De onttovering van de waanzin
Marius Engelbrecht promoveerde op de geschiedenis van mensbeelden
We kennen Marius Engelbrecht als degene die actief is met ‘stemexpressie’ om (groepen) mensen te begeleiden in hun persoonlijke groei. Maar naast dit therapeutisch getinte werk, is hij ook wetenschapper. Aan de Universiteit Utrecht promoveerde hij eerder dit jaar in de geschiedenis van de mensbeelden in de psychologie.
Door Ewald Wagenaar
Nu moet je als journalist met wetenschappers oppassen: ze formuleren zó precies dat het met de weergave van hun woorden snel mis gaat. Opletten dus als ik tegenover Marius ga zitten in zijn prachtige werkruimte in het oude Haagse theater. Ooit studeerde hij af in geschiedenis en begon na onder meer een studie hypnotherapie zijn praktijk voor stemexpressie. Met je stem – en vooral woordeloos geluid – kun je tot uitdrukking brengen wat niet gezegd kan worden.
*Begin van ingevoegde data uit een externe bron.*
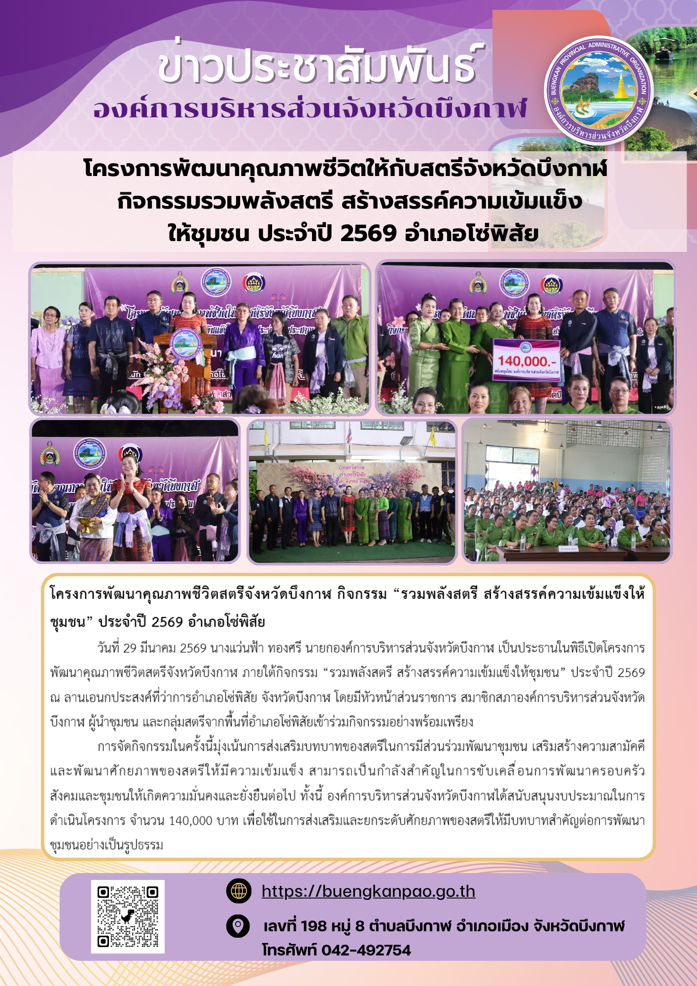 โครงการพัฒนาคุณภาพชีวิตสตรีจังหวัดบึงกาฬ กิจกรรม “รวมพลังสตรี สร้างสรรค์ความเข้มแข็งให้ชุมชน” ประจำปี 2569 อำเภอโซ่พิสัย
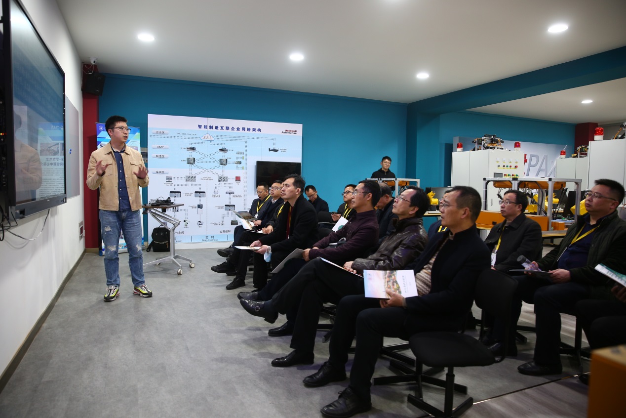 ——罗克韦尔智能制造协同创新中心参观,由实验室的博士向各位代表详细地介绍了创新中心团队的研究方向及负责的科研项目,重点展示介绍了蛇形臂及清扫机器人等机器人的研究与开发情况。
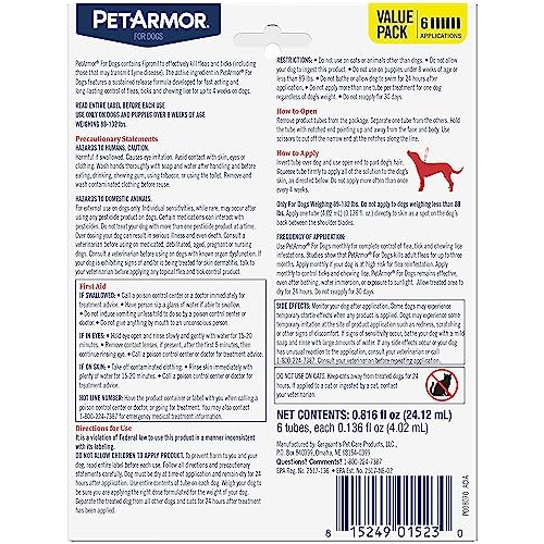 PetArmor for Dogs, Flea and Tick Treatment for Extra Large Dogs (89-132 Pounds), Includes 6 Month Supply of Topical Flea Treatments
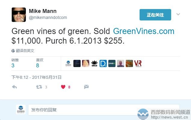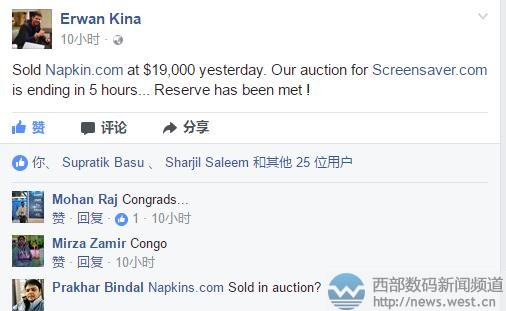 “餐巾纸”域名以13万元结拍!“绿色藤蔓”卖出五位数美元西部数码(west.cn)6月2日消息,小编在社交媒体上发现,英文域名napkin.com和Greenvines.com分别以19,000美元和11,000美元成交了,后者乃是海外知名投资人Mike Mann所售。
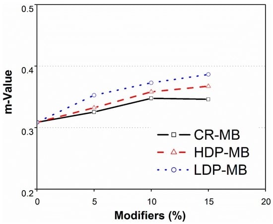 Rate of change in creep stiffness (m-value) at −10 °C for CR, HDP, and LDP modified binders.
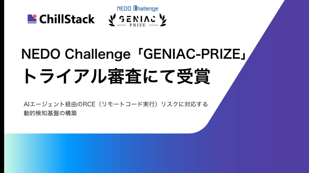 AIを用いた高精度な不正検知サービスやサイバーセキュリティサービスを開発・提供している株式会社ChillStack(本社:東京都渋谷区、代表取締役:伊東 道明、以下「ChillStack」)は、経済産業省と国立研究開発法人新エネルギー・産業技術総合開発機構(NEDO)が実施する懸賞金活用型プログラム「GENIAC-PRIZE」の「生成AIの安全性確保に向けたリスク探索及びリスク低減技術の開発」において、トライアル審査67件の応募の中から8件の受賞プロジェクトの一つに選出されました。
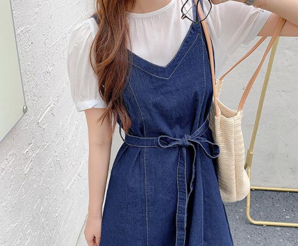 背带牛仔裙配什么上衣好看图片 打造满满的纯真少女感
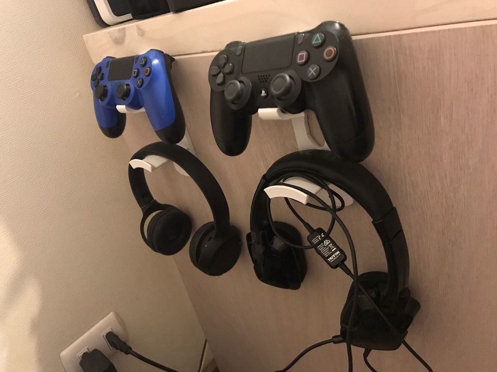 Denne vægholder tilbyder en smart og pladsbesparende måde at opbevare dit gaming-udstyr på. Den er designet til at holde din PS4-controller og dine hovedtelefoner sikkert og overskueligt, hvilket bidrager til et mere organiseret og stilrent gaming-område. Med denne holder kan du nemt og hurtigt få adgang til dit udstyr, uanset om det er din PS4-controller eller dit foretrukne sæt hovedtelefoner. Det er et praktisk tilbehør for enhver gamer, der ønsker at optimere sin plads og samtidig beskytte sit Sony PS4-udstyr.
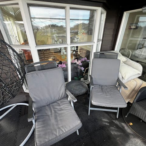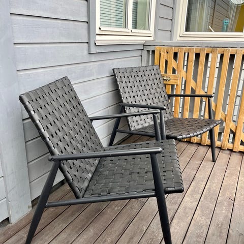 Sett med to lenestoler og ett bord. Lenestolene har ramme i metall og sete i flettpolymer i brunfarge. Bordet har glassplate og metallramme i svart. Møblene er egnet for utendørs bruk, for eksempel på balkong eller terrasse. Puter medfølges
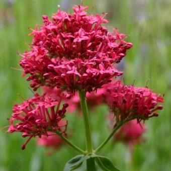 Кентрантус Ruber Coccineus – отличный выбор для каменистого сада, в сочетании с шалфеем дубравным позволяет создать эффектный фон для цветов розария. Достигает высоты 0,6-1 м, в июне покрывается россыпью маленьких алых цветков, собранных в кистевидные соцветия. Расположение соцветий рыхлое, листья с зубчатым краем серо-зеленого цвета.
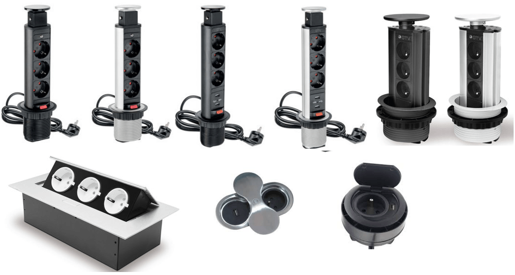 Конструкция. Некоторые модели можно утапливать в столешницу, не вынимая из них вилок электроприборов. Они наиболее практичны.

Hiermee begeleidt hij tot op heden mensen in hun persoonlijke groei. De winteravond valt en het laatste licht uit het noorden geeft zijn grote werkruimte in het theater een bijzondere sfeer.
Waarom promoveren?
Engelbrecht: ‘Naast mijn therapeutische en spirituele werk heb ik steeds banden met wetenschap en het reguliere circuit behouden. Als je het hebt over persoonlijke groei, zoals met stemexpressie, dan zit daar een mensbeeld achter. Ja, natuurlijk is dat een gedachteconstructie, maar ook een voorstelling. Het gaat over hoe wij denken dat de mens in elkaar steekt. Wat zijn de beelden van waaruit je werkt? Op basis daarvan worden therapieën ontwikkeld.’ (Ik voeg hier voorstelling en beelden toe omdat het anders lijkt of het alleen gedachten zijn…)
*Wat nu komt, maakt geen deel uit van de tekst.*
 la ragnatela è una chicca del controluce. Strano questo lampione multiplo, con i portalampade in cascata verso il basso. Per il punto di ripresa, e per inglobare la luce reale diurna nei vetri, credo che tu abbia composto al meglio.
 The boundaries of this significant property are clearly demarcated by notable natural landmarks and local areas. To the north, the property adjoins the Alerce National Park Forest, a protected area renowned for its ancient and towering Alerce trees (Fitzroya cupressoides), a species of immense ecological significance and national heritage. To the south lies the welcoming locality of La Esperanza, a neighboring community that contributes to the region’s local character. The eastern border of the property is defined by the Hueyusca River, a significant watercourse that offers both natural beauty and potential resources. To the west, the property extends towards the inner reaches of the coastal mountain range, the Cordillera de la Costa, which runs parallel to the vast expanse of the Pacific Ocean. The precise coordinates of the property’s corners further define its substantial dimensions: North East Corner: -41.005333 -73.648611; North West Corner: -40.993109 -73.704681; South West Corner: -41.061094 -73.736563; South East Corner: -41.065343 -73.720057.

En hoe zitten we in elkaar?
‘Zodadelijk meer.’
Oké, wat zijn mensbeelden?
‘Dat zijn beelden van hoe wij denken dat de mens als wezen eruit ziet. Je zou het ‘spirituele anatomie’ kunnen noemen. Voorbeeld: zitten gedachten ín ons of óm ons? Het antwoord daarop maakt nogal uit, hoe je mensen behandelt met wanen bijvoorbeeld. Of: leef je vanuit je hart of vanuit je hoofd? Kortom: een mensbeeld is ook voor wie met mensen werkt een gereedschap.’
Hoe kom je bij dit onderwerp terecht?
‘Ik verwonderde me al enige tijd over het westerse mensbeeld: rationalistisch, materialistisch en functionalistisch. De wetenschap heeft een houding ‘als het niet bewezen is, is het fantasie’. Waarmee de wetenschap dus in één keer alles wat niet is bewezen automatisch wegzet als fantasie. Er zijn veel benaderingen, zoals stemexpressie, die niet wetenschappelijk bewezen zijn maar die wel werken. Het doel van mijn boek is niet om in discussie te gaan met de wetenschap, maar om te achterhalen hoe mensbeelden zijn ontstaan.’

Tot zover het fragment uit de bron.